Radiohead outdoes Kid A with new concert album

The Beatles recorded some of the greatest music ever made. The problem is, or rather was, that they never got a chance to try and reproduce their studio marvels live.

Many Beatles songs have never been played live by the Beatles themselves because technology did not allow for songs like “Strawberry Fields” or “Penny Lane” to be played onstage.

Radiohead, on the other hand, set out earlier this year to prove that they could reproduce the ambient sounds of their recent two releases, 2000’s dark and brooding “Kid A,” and 2001’s eclectic and often times schizophrenic “Amnesiac.”

Radiohead then captured a few sets on reel to reel and put the best, or at least the most interesting, eight songs on their newly released live album “I Might Be Wrong.”

“I Might Be Wrong” is a live album like no other this reporter has seen.
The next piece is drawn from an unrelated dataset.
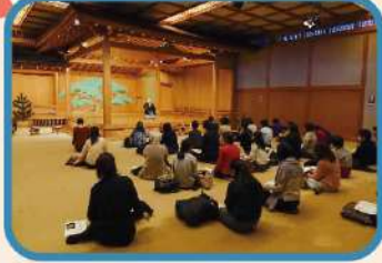
主に地域の能楽堂を活用 特別な空間で能楽体験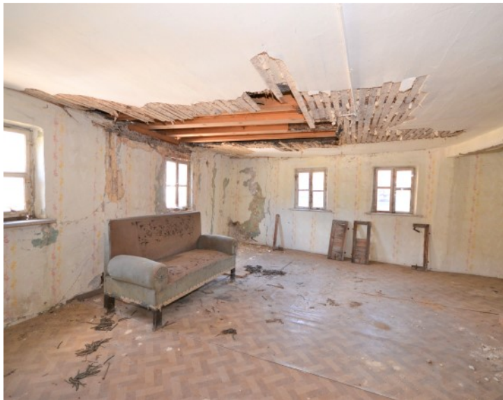
Wohnraum mit historischen Fenstern

The only live album that could possibly stand up to the high standards set by Radiohead’s latest work is the “Allman Brothers Live at the Fillmore.” Both of these albums capture the bands at their highest peak, and most transcending moments.

On their live release, Radiohead has eschewed the live album mold of putting the crowd favorites on there for putting the more experimental songs from their last two albums. This bold move of defiance pays off. The versions of tracks like “Idioteque,” “Everything in its Right Place,” and “Like Spinning Plates” blow the studio versions out of the water. “Idioteque” is stripped down to the bare essentials and recreated live with an overtly “human” sense to it, something of which the studio version was devoid.

The song “I Might Be Wrong” is recreated live with an almost Neil Young feel to it. The brash guitars, the only distorted ones on the album, are loud and angry.

This cynical song is performed to perfection. “National Anthem” opens up the album with a very energetic and chaotic start. The horns that are present in the studio version of the track are replaced with the faster tempo and the haunting mellotron type sounds in the background.

The closing piece to the album, and what makes the album worth buying, is the song “True Love Waits.” “True Love Waits,” a song about unrequited love and a more mature version of “Creep” if you will, is sheer beauty.

The song contains one of the catchiest and purest guitar figures in recent history. Again, the album is worth purchasing for this track alone.

Despite the short list of tracks on here, only eight, this album is worth the money. It is certainly one of the better, if not best, live albums in recent history. Radiohead creates realistically, if not more emphatically, live, the somber and often times harrowing mood their past couple of studio ventures have had.

Despite being often labeled the greatest band in the world, Radiohead proves on this album they are just five guys that like to make music, critics be damned. Radiohead once again proves that they are a band that is all about the music.